I will butt in since this is a topic of great interest to me currently. Firstly, have you read the Duplicate Detection thread in this forum? That discusses some changes and additions to Calibre we are in the process of making. Feedback on that thread as to what sounds useful or not is always welcomed (particularly as the plugin which will "find" duplicates has not been written yet and there's a few ways we can approach it).

As to "instructions", from a Calibre perspective Starson has given you what you need to do if you decide to try that approach. You just need to be aware of the implications:
- It will only find duplicates where the authors exactly match. There is no "fuzzy matching" on authors.
- You really have very little control over which version will be kept if you have duplicates of a format. As Starson says above it is done by order of "selection" - but if you are doing a bulk library all at once that "selection order" won't mean too much. You could maybe sort by date or something but unless you investigate each book one by one you won't know which version to keep and it could be pot luck. And if you were doing it one by one controlling selections, you wouldn't need Starson's approach and would just use Merge instead
Quote:
Part of what I am wondering if it would be worth organizing the books properly (author, title, series) or downloading metadata or any other prework that one could do that would make the duplicate matching process more effective or streamlined.
There's a few other threads in the forum if you look around at approaches people have taken.
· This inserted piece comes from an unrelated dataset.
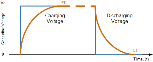 이전 RC 충전 및 방전 튜토리얼에서는 커패시터가 직렬로 연결된 저항기를 통해 자체적으로 충전 및 방전하는 기능을 갖는 방법을 살펴보았습니다. 이 커패시터가 완전히 충전되거나 완전히 방전되는 데 걸리는 시간은 5개의 RC 시간 상수 또는 일정한 DC 전압이 적용되거나 제거될 때 5T와 같습니다.

At the moment I have my own tool outside of Calibre that does fuzzy matches of authors and/or titles, doing direct sql queries against the Calibre database. Other people have their own tools/scripts, some of which were made available. Hopefully we will have a Calibre plugin soon (I've offered to write it but anyone is welcome to beat me to it), but we need to make decisions about it before I start and that discussion should be kept to the other thread.

Certainly the 1.0 version may "only" have the exact same comparison logic Starson's automerge functionality has - of exact match on author, fuzzy on title. In which case in terms of cleanup preparation getting any author dups sorted is going to greatly increase the success of any dup search on top. If you dont want to resort to sql, just use the tag browser on the left to look down your authors list and with it's alphabetical sorting you can hopefully spot a lot of the common issues like typos, initials, spacings, abbreviations of names etc. Stuff like "E.E.Doc Smith", "E. E. 'Doc' Smith", "E. E. Smith" etc etc - rename the "wrong" author variations and get them down to one.

Then at least if you decide to try Starson's described method above (not caring for instance about which EPUB to keep if you have two of them) you are in the best position to do so.

That's my 2p for what its worth.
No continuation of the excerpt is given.